Material for this task:
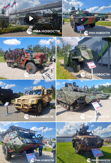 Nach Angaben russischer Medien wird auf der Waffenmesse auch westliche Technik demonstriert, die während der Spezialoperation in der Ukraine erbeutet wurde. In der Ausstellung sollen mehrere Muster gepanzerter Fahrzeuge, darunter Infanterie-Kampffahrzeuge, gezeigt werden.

---

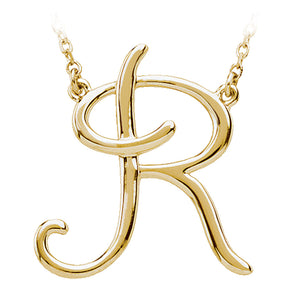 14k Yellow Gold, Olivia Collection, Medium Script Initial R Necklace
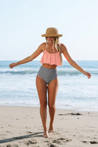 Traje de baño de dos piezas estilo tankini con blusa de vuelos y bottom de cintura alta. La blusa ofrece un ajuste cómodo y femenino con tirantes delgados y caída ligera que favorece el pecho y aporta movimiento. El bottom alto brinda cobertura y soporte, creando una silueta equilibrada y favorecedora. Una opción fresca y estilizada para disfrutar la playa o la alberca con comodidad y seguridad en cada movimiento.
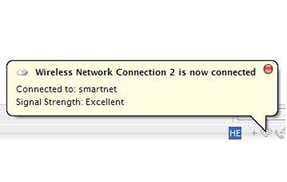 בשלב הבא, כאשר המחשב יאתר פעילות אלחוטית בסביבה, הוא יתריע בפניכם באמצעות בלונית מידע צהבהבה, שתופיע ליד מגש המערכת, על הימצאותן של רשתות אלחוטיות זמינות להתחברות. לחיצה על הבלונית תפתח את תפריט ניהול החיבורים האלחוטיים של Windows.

What needs to be done: Everything between and including the line above containing "14k Yellow Gold, Olivia" and the line containing "Traje de baño" should be reproduced exactly, with pictures excluded.

Written answer:
 14k Yellow Gold, Olivia Collection, Medium Script Initial R Necklace
 Traje de baño de dos piezas estilo tankini con blusa de vuelos y bottom de cintura alta. La blusa ofrece un ajuste cómodo y femenino con tirantes delgados y caída ligera que favorece el pecho y aporta movimiento. El bottom alto brinda cobertura y soporte, creando una silueta equilibrada y favorecedora. Una opción fresca y estilizada para disfrutar la playa o la alberca con comodidad y seguridad en cada movimiento.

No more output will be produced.